When to add mature rock/sand

zombie

Dolphin
M.A.S.C Club Member
#1
So I have my 65g cycling with a pinch of pellets as an ammonia source, fresh sand, and dry rock that was bleached to remove every bit of organics from it. Ammonia is at 0.25 ppm and nitrate and nitrite are undetectable on the API test kit.

I added a bottle of bio spira to kickstart bacteria population and tank is still cloudy from that.

My question is should I wait until the nitrate spike to add a couple scoops of sand and a couple small pieces of live rock from the biocube to seed to maximize the likelihood of microfauna surviving the transfer, or should I add it now to help kickstart the bacteria colonization?
 

jda123

Dolphin
M.A.S.C Club Member
#2
It does not matter if you wait, but I would get it in there ASAP. The faster that you get the sand seeded, the better. What the rock is able to contribute will depend on the localized phosphate concentrations bound to the rock as well as the organic matter clogged up into the pores and structure - bleach cannot even touch these. If the rock is clean, then it could be a fast process... but if not, then it could be two years like so many see.
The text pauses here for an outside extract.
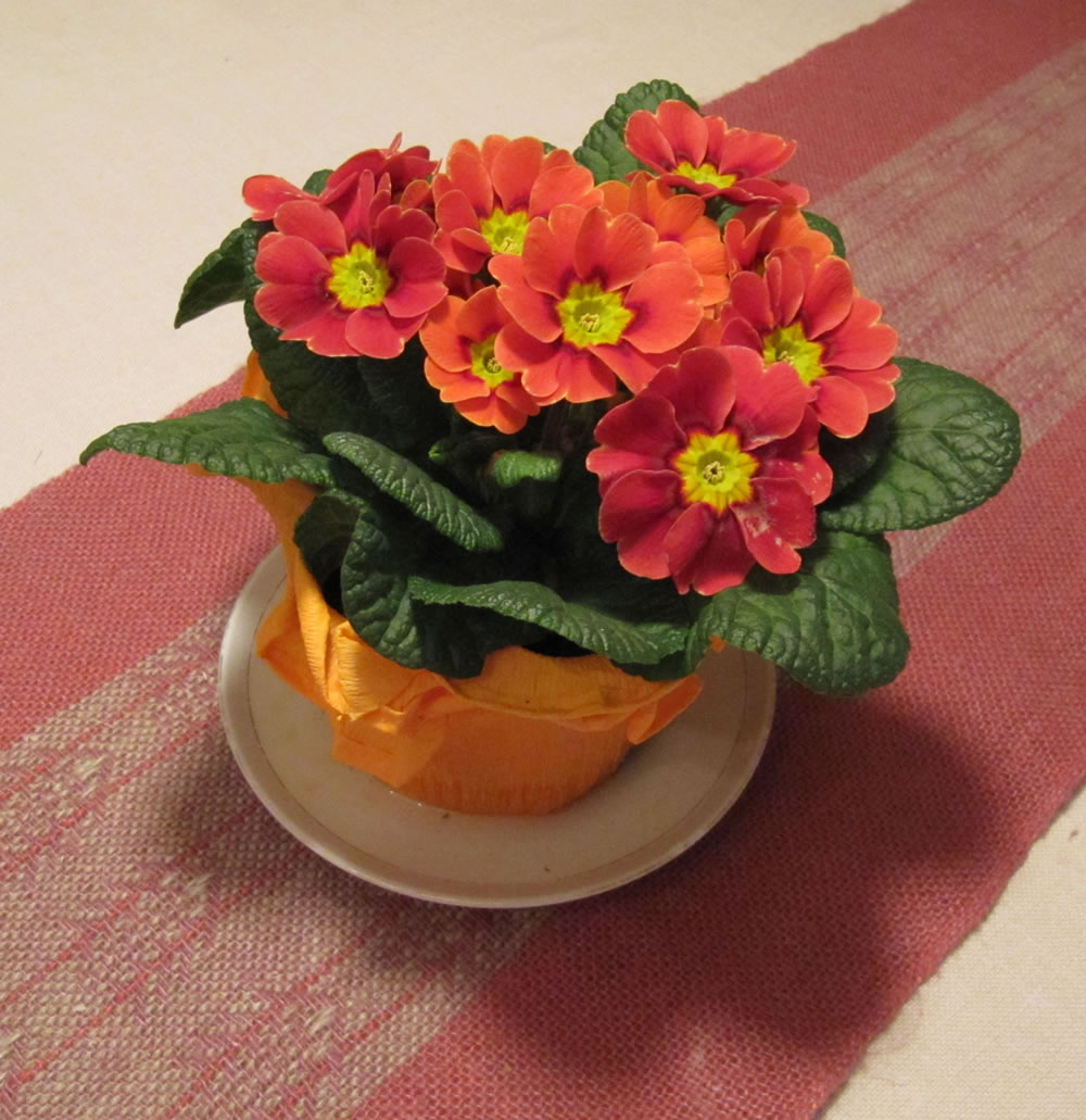 Mien leef Mann keem mit enen Primelpott an. He weer bi unsen Gorner

The key element here is the phosphate content. I recently did a test and dry rock was able to at least hold 350x the volume of P than in the ambient water - I had to stop the test because my tank was starting to get algae and the point was proven already. There are results on RC if you want to read them.

The bacteria will be fine, even with high nitrate readings. Even if you kill all of the microfauna, they can all come back in on the first rock and frag plug that you put in the tank.. pods, worms, etc. come in on everything.
 

zombie

Dolphin
M.A.S.C Club Member
#4
That's a good point. I will add some seeding rock/sand tonight.